Surabondamment, il n'est pas démontré en présence d'un règlement de lotissement des 14 janvier, 9 et 20 avril et 6 mai 1971 qu'il ait subsisté aux dispositions issues des lois ALUR du 24 mars 2014 et ELAN du 23 novembre 2018.

S'agissant de la perte de valeur vénale alléguée, elle a été examinée par l'expert qui a relevé le caractère irréaliste de la réclamation d'un loyer de l'ordre de 5 000 euros par mois sur la base du prix d'une location estivale, sans commune mesure avec le prix d'une location à l'année. L'expert a également noté que la villa idéale pour l'été l'est beaucoup moins pour l'hiver, avec de grandes pièces orientées au nord, sans chauffage central, sans commerce accessible à pieds, avec un chemin d'accès en très mauvais état. De plus, le rapport d'expertise unilatéral établi à la seule demande de l'intéressé, n'a pas tenu compte de la vétusté de la maison de plus de dix ans que M. A a reçu en héritage. D'ailleurs, cette expertise n'a nullement fait état de la vue, mais seulement du parc boisé d'essences variées, de l'environnement plutôt calme, des conditions de vie à Saint-Florent. Seul l'avenant établi à la demande de M. A, pour ‘calculer la moins-value de sa propriété après qu'une construction réalisée en aval…lui cache la vue mer' examine cet élément et conclut de but en blanc sans explication à une dévaluation de 20 %, chiffrée 205 200 euros. Cet avenant au rapport ne permet pas de prouver l'existence de la perte de valeur vénale.
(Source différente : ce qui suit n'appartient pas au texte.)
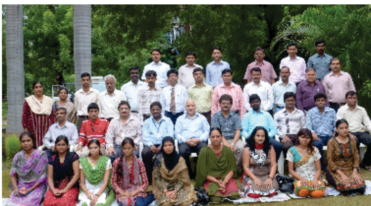
◀ Participants of 104 th Training Programme on SOUL 2.0 with the Director and Technical Staff of the INFLIBNET Centre
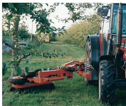
The Centipede Side – easy to position it just where you want
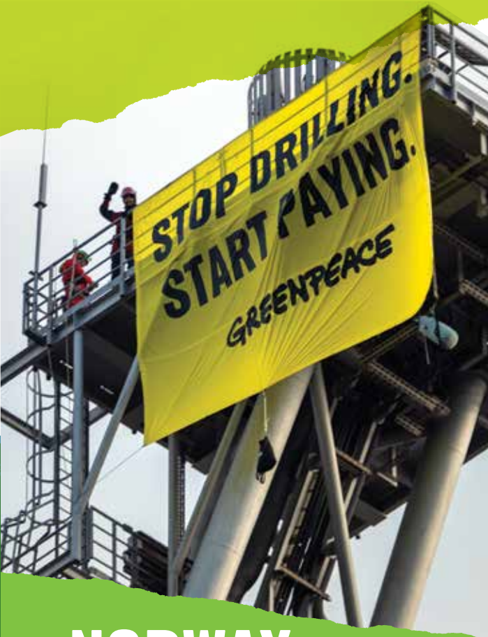
Shell Oil Platform with Greenpeace Activists

The Brazilian Supreme Court ruled that former President Jair Bolsonaro's administration actively promoted massive violation of socio-environmental rights in the Amazon. In a landmark decision on March 14, Brazil's Supreme Court recognized the existence of an "unconstitutional state of affairs" concerning environmental matters under Bolsonaro's administration. Greenpeace celebrates this historic decision by the Supreme Court, which mandates compliance with climate change targets established by national legislation and international agreements.
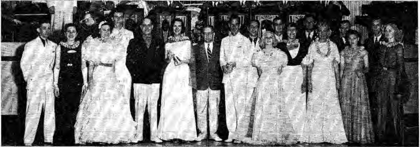
Silver Cup Award Competition July 10, 1937, at Pasadena, during Smooth Dancers' first year.
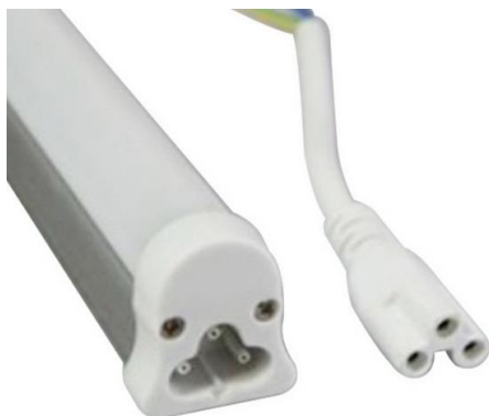
a. Integrative T5 LED Tube

LED Chips: SMD3014 Size: 600mm, 900mm, 1200mm, 1500mm Power: 5W, 10W, 15W, 21W Lumen: 90~100lm/W PF: >95% CIR: >80 Voltage: AC85~265V CCT: 2700~6500K Sockets: no fixture needed, can be installation directly PC Cover: Clear, milky cover
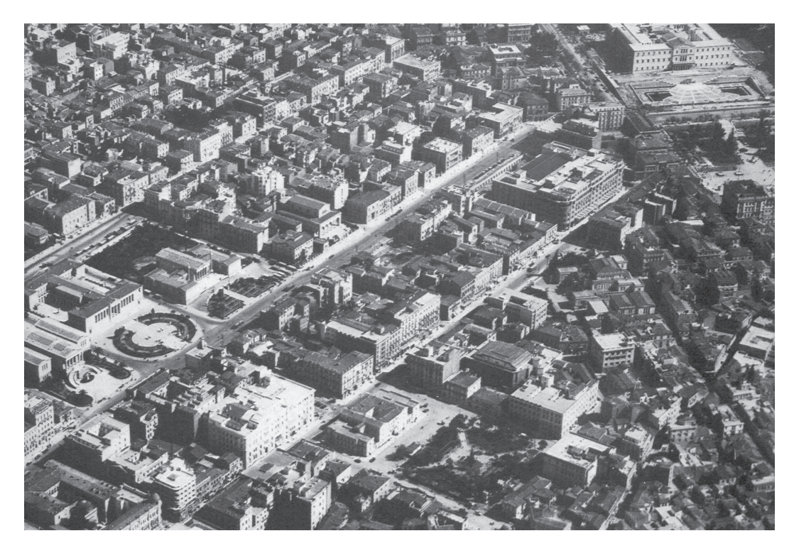
Figure 1: The central district of Athens (1932) as a result of the implementation of the planning for the new capital of Greece 1833–37 (Kleanthis, Schaubert, Klenze, Gaertner, Hoch).

19th and the early 20th century, establishing a new 'face', that of the dynamically expanded but undersigned city. Its basic attribute is the dramatic increase of the built volume and urban densities, respectively, through the prevailing of 'polykatoikia' (multi-storey residential building) as the basic building model and 'antiparohi' [23] (a quid pro quo process, land for apartment's ownership) as the main mechanism of urban space production.
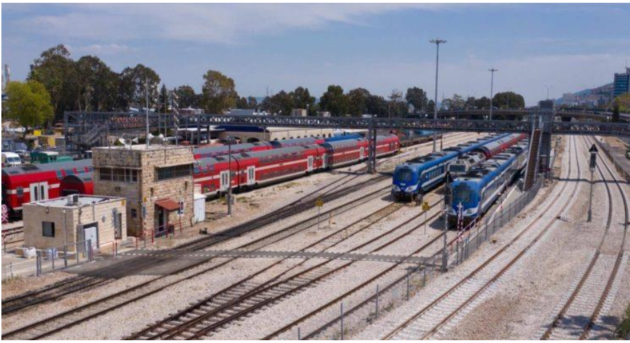
The train station near the port in Haifa.

S'agissant du préjudice esthétique, comme relevé par l'expert, M. A est contrarié par la présence de l'extension érigée par M. B, mais il ne rapporte pas la preuve d'un préjudice esthétique indemnisable. Tel ne serait pas le cas si avait été construit en limite de propriété un hangar, un mur en parpaings, un immeuble d'appartements qui en dépit de la dénivellation existant entre les deux parcelles, surplomberait sa piscine, sa villa et son jardin.
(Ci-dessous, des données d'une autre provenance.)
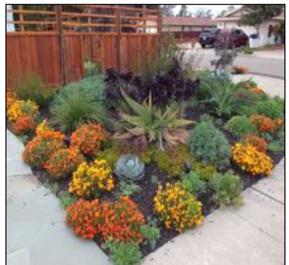
Drought Tolerant Landscape
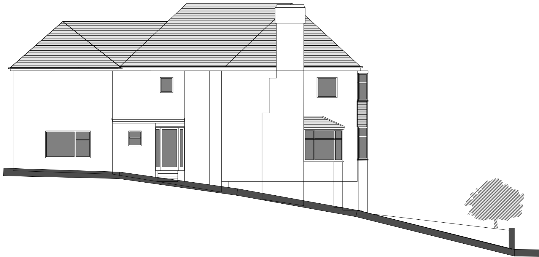
south east elevation
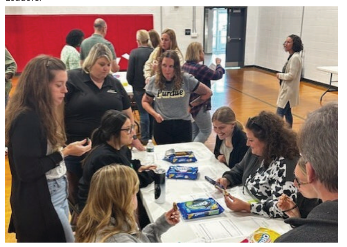
Educators participating in an Oreo activity at their Area 9 meeting.
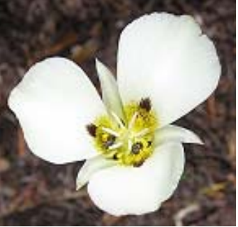
Leichtlin's Mariposa Lily Calochortus leichtlinii
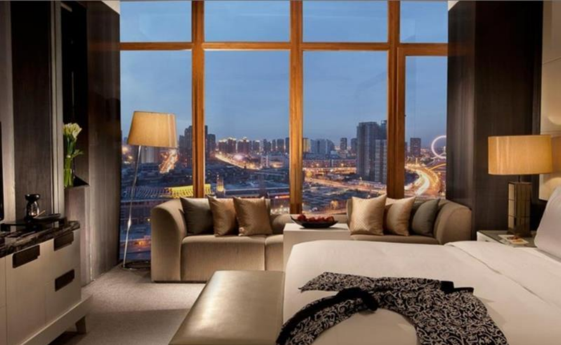
Tianjin Riverside Hotel
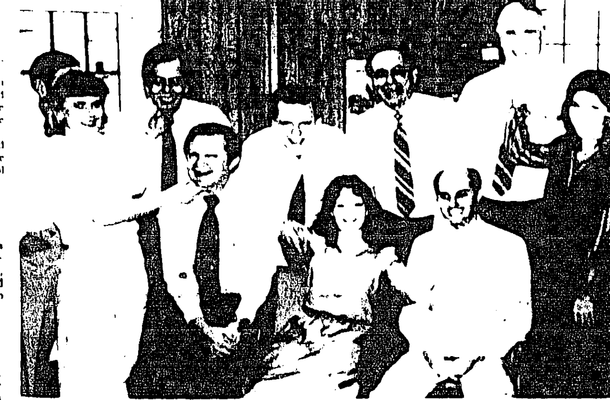
ITCHIEE, ITCHIEE, ITCHIEE...Entrants in the Tyler County Dogwood Festival Bear Growing Contest got checked out officially Monday as the male staff of Citizens State Bank got chinned by Dogwood Royalty. The event took place at Lawrence Air Conditioning.

Members of the Woodville Church of Jesus Christ of Latter Day Saints (Mormons) invite their Tyler County friends and neighbors to an Open House in their new Chapel building on Saturday, February 22, beginning at 1 p.m. The new Chapel building is located on Pine Street (Hwy 287) and has been under construction for the past year. Refreshments will be served.
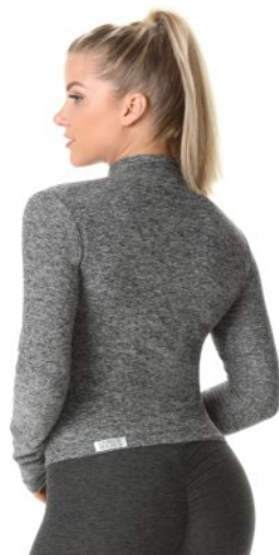
7191-B Eli Jacket

Il résulte de ces éléments que le jugement doit être confirmé et M. A est débouté de ses demandes contraires.

M. A qui succombe est condamné au paiement des dépens y compris les frais d'expertise. Il est en conséquence débouté de sa demande en application des dispositions de l'article 700 du code de procédure civile. Il est en revanche condamné à payer à M.
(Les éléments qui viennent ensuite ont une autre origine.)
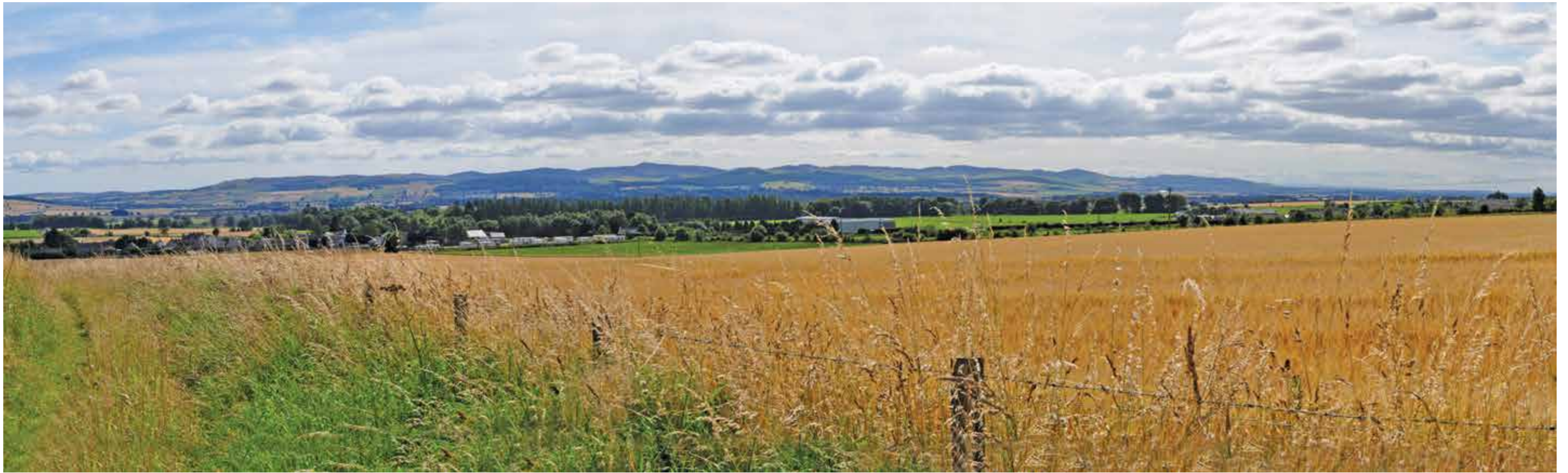
7.5 Maryton & Southmuir from Core Path 270 ( click here to return to text )

B une somme de 3 000 euros en application des dispositions de l'article 700 du code de procédure civile.


PAR CES MOTIFS

LA COUR statuant publiquement par mise à disposition au greffe, contradictoirement, en dernier ressort,

- Confirme le jugement déféré,

- Déboute M. C A de ses demandes contraires,

- Condamne M. C A au paiement des dépens, y compris les frais d'expertise,

- Condamne M. C A à payer à M. X B une somme de 3 000 euros en application des dispositions de l'article 700 du code de procédure civile.